Зато других продуктов запасено было вдоволь — и черного хлеба, и картофеля, и селедок, и копченой свинины, и топленого сала. Старики могли не бояться завтрашнего дня, у них было все необходимое, чтобы продержаться до следующего урожая. Им жилось гораздо легче, чем нашей матери, которая вместе с нами перебивалась с хлеба на воду. И все же они были гораздо беднее нас во всем остальном. Дедушка перекрестился, когда услыхал, что отец зарабатывает восемь-девять крон в неделю, — наличными деньгами старикам не случалось зарабатывать столько и за полгода. Отец принялся высчитывать, и оказалось, что старики в лучшем случае могли выручить семьдесят — семьдесят пять крон в год за масло, яйца и теленка от коровы; поросенка они съедали сами.
— Но мы не можем позволить себе отведать масла или цельного молока от собственной коровы, — сказал дед. — А полакомиться яичком не приходится даже и на пасху.
Из этих денег старики должны были оплачивать все свои расходы, и им приходилось туго. Целых полгода дедушка не мог читать, так как в его очках разбилось стекло, а новое стоило пятьдесят эре.
— У меня в копилке есть пятьдесят эре, — сказал Георг. — Дай мне твои очки.
Но мать подмигнула ему; она давно уже вынула эти деньги; монеты никогда не залеживались в наших копилках.
За ужином мы ели копченую свинину, поджаренную кусочками вместе с картошкой. Сковородка была поставлена на середину стола, и под каждую из трех ее ножек подложили деревянную чурку; нам всем дали по роговой ложке. Тарелок у стариков не было: похлебку ели из общей глиняной миски, а для прочей пищи служили деревянные лоточки.

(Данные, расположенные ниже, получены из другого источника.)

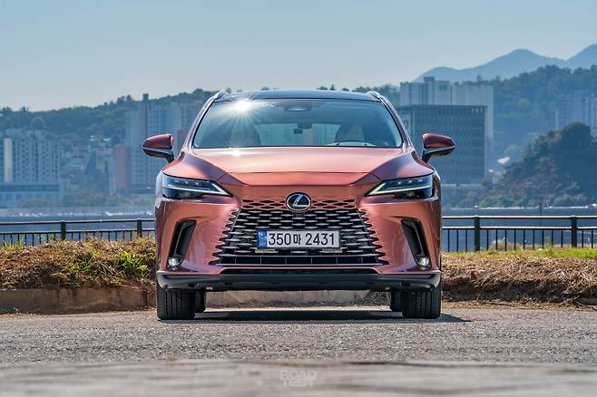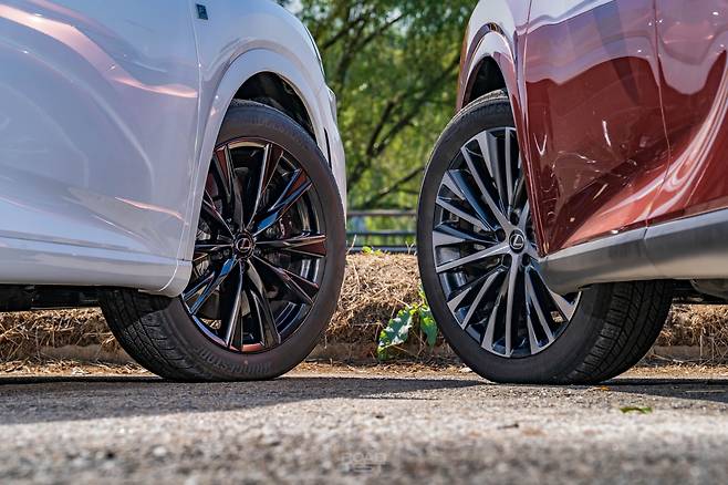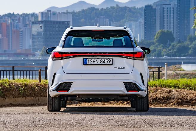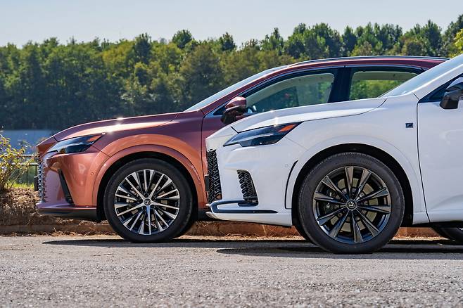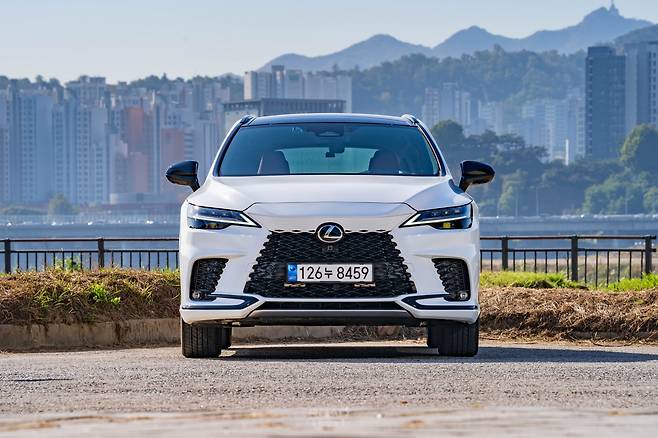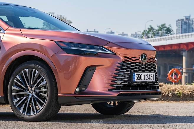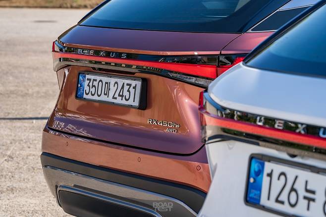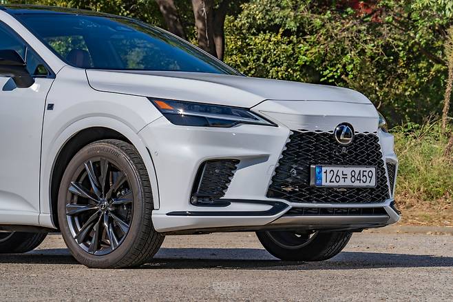 오늘 만난 두 대의 RX, 450h+와 500h는 외모에서 풍기는 분위기가 꽤 다르다. 450h+는 차분하면서 RX 고유의 ‘덩어리감’을 강조했다. 500h는 F 스포츠 디자인 패키지 덕분에 더 매콤하다. 그릴 속을 블랙 유광 컬러로 채우고, 앞뒤 범퍼도 좀 더 공격적인으로 다듬었다. ES 또는 LS의 SUV 버전 같았던 중후함의 대명사가, 이젠 NX처럼 젊고 역동적으로 변했다.

У дедушки оказалась и водка, в настоящей фляжке. Она стояла в зеленом шкафчике, висевшем над столом, и на горлышко фляжки была надета опрокинутая рюмка без ножки. Эту рюмку дедушка нашел на берегу, на задворках гостиницы; каждый раз, бывая в городе, он наведывался туда и отыскивал среди выброшенных вещей что-нибудь пригодное. А в шутку он рассказывал, что купил эту рюмку и нарочно отбил ножку, чтобы не было соблазна оставлять рюмку недопитой. Отец смеялся всякому дедушкиному слову. Было даже как-то странно видеть отца таким веселым; дома он бывал суров и неприступен, а тут держал себя, как наш сверстник.
— А язык у вас еще не притупился,— сказал он деду с восхищением (он всегда говорил своим родителям «вы»).
— Да, язык-то я сохранил, — ответил дедушка,— а вот зубы проел. Как-то раз хотел было прикусить себе язык, а зубов-то и нету.
— Что-то странное случилось со стариком, — заметил отец на обратном пути. — В молодости он любил выпить. И одно время, можно сказать, прямо пристрастился к вину; хлебал водку ложками в компании с Анэ Миккельсен.
— Но у них ведь не было тарелок, — возразил я. Отец рассердился; теперь он снова стал главой семейства, не терпящим возражений.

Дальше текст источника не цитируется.